Stephen H. Cypen, Esq., Editor

History Does Not Repeat Itself, But It Does Rhyme
 
*The above date is not a typographical error. It was designed to grab your attention, and hopefully hold it for a little while.

In that first newsletter issue, 22 years ago, we said that we would deal with subjects of direct and indirect interest to public pension trustees. We believe we have done that and more. We said the newsletter would be issued from time to time or when special events dictated. And, we began issuing monthly newsletters, but soon found out that monthly was not frequent enough. Also, we had a few dozen subscribers; now we have almost one thousand. Then, newsletters were prepared manually and distributed by mail. Now we have come into the computer age. The following represent some items from that time long ago.

  1. One piece dealt with a little-known statute that was a subject of controversy. First adopted in 1939, Section 112.048, Florida Statutes, provides that any elective officer of a city or town who has held elective office of such city or town for a period of twenty or more consecutive years shall be entitled to a life annuity equal to one-half of the full amount of his annual salary, at the time of retirement, under certain circumstances.
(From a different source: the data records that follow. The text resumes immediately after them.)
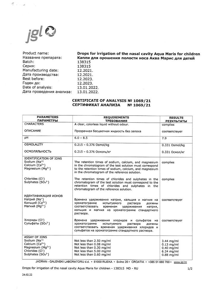 Производитель: ЯДРАН-ГАЛЕНСКИ ЛАБОРАТОРИЙ а.о., Хорватия
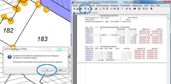 Nach dem Export startet rmDATA GeoMapper und importiert die von KAVDI bereitgestellten Daten.
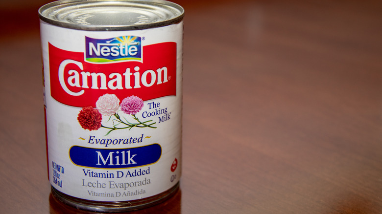 Evaporated milk is a mainstay of grocery store baking sections, where you'll typically find it in small cans. According to Healthline, evaporated milk contains all the essential nutrients of regular milk but has far less water. Consider that whole milk consists of approximately 87% water, in addition to fat, protein, and other elements.
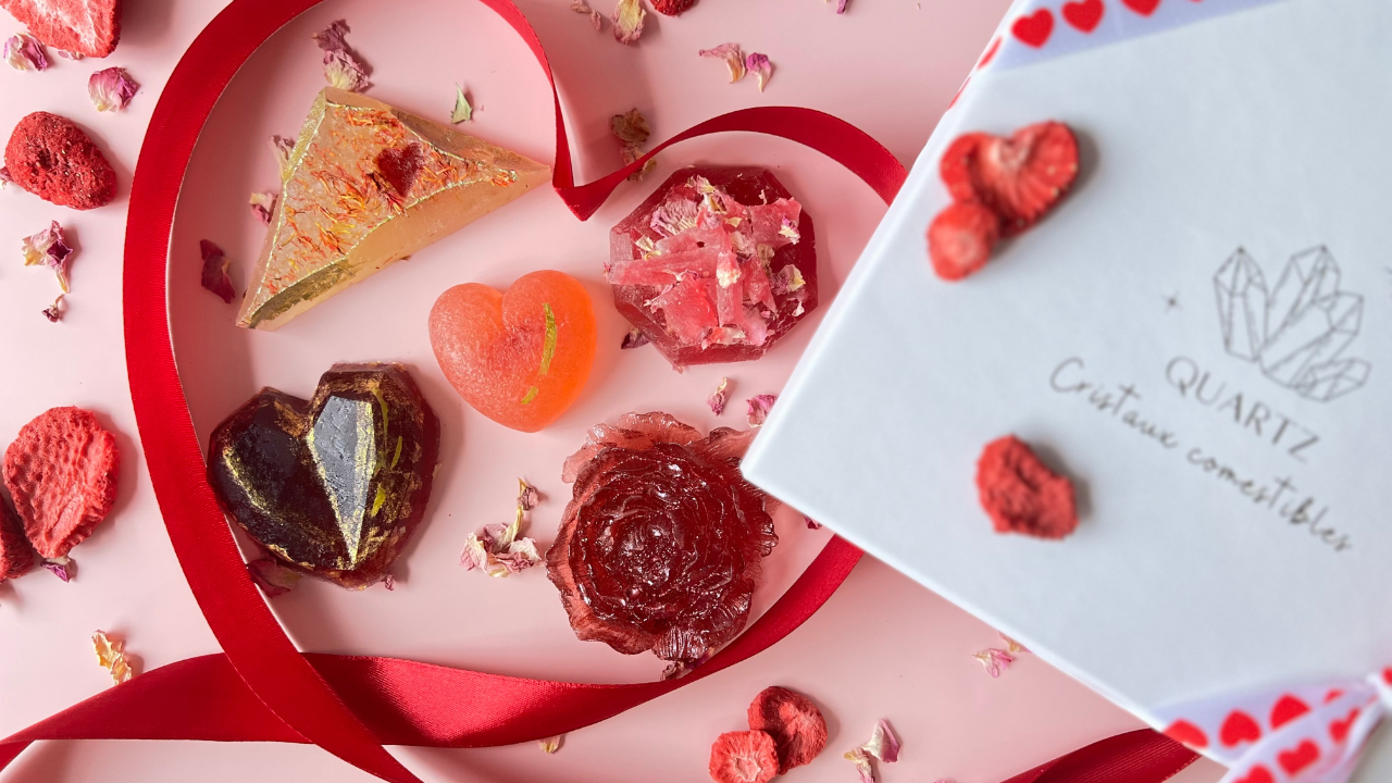 De eetbare kristallen hebben een gelatineuze textuur binnen, maar met een frisse buitenkant vanwege de kristallisatie van suiker.

That statute is still on the books.
  2. Employers are experiencing an increase in the amount of leave their employees are taking as a result of the Family and Medical Leave Act of 1993. That Act is a continuing subject of interest. 
  3. The then - $97 billion California Public Employees' Retirement System (CalPERS) was planning to increase its holdings of foreign stocks and bonds from 14% to 20%. Already, almost 30% of its total equity portfolio was invested overseas. By the way, CalPERS now boasts assets of over $350 billion! 
  4. The Institute of Management and Administration reported that Standard & Poors 500 gained over 37% for the year 1995. Even the average domestic equity manager gained more than 33%. International money managers, however, reported average returns of just 10%.
  5. New Jersey, one state recently turning from outside managers to in-house managers, experienced annual administrative expenses of just .01% of assets. 
  6. The State of New York established an early retirement incentive for public employees. Through the program, certain employees who have at least 10 years of service would receive one month’s additional service credit for each year of service, up to a maximum of 36 months. The program may be offered at different periods of time. A similar program last year saw over 5,000 people take advantage of the early retirement package.
  7. The National Conference of Public Employee Retirement Systems presented its Model Ethics Code, a fifty page document.
  8. The New York State Teachers’ Retirement System announced its intent to sell some of its tobacco stocks because of concern with their long-term viability. The fund will still have hold over a quarter of a billion dollars in such stocks after the reduction. (Do the letters ESG ring a bell?)
  9. A statute of limitations generally bars a claim after a period of time, regardless of a subsequent change in the law. Thus, an appellate court ruled that a taxpayer who erroneously paid taxes on his Army disability severance pay could not claim a refund just because he subsequently learned that a recent case supported his position. The law has not changed.
  10. How about this one: The Controller of the Currency says certain derivative investments – for example, collateralized mortgage obligations that derive their value from an underlying asset such as a pool of mortgage loans – may not be acceptable fiduciary investments for national banks. As with any other fiduciary investments, banks must use the prudent person standard and have a full appreciation of the risks involved, including difficulty including in determining accurate market values.
  11. The Los Angeles County Employees Retirement Association has decided to drop its assumed rate of 6% salary increases to 5.5%. The old rate, in use since 1983, was made up of 5% for inflation and 1% real wage increases: the new rate lowers the inflation to 4% but increases the real wage to 1.5%.

A Belated Acknowledgment

In 1968, fresh out of school, a bright young woman named Judi Stark joined Cypen & Cypen as a legal assistant. When Judi hung up her paraphernalia in 2013, she had completed a great career of 45 years. From the beginning in 1996, Judi was responsible for the newsletter, and basically was an assistant editor.
 
In 1989, Annette Catalfamo came aboard as Judi’s assistant, and in 1996 she became part of the newsletter team. Annette was an important part of the newsletter until her untimely death last year.
 
We honor and thank Judi and Annette for making the newsletter possible.

 

Copyright, 1996-2018, all rights reserved.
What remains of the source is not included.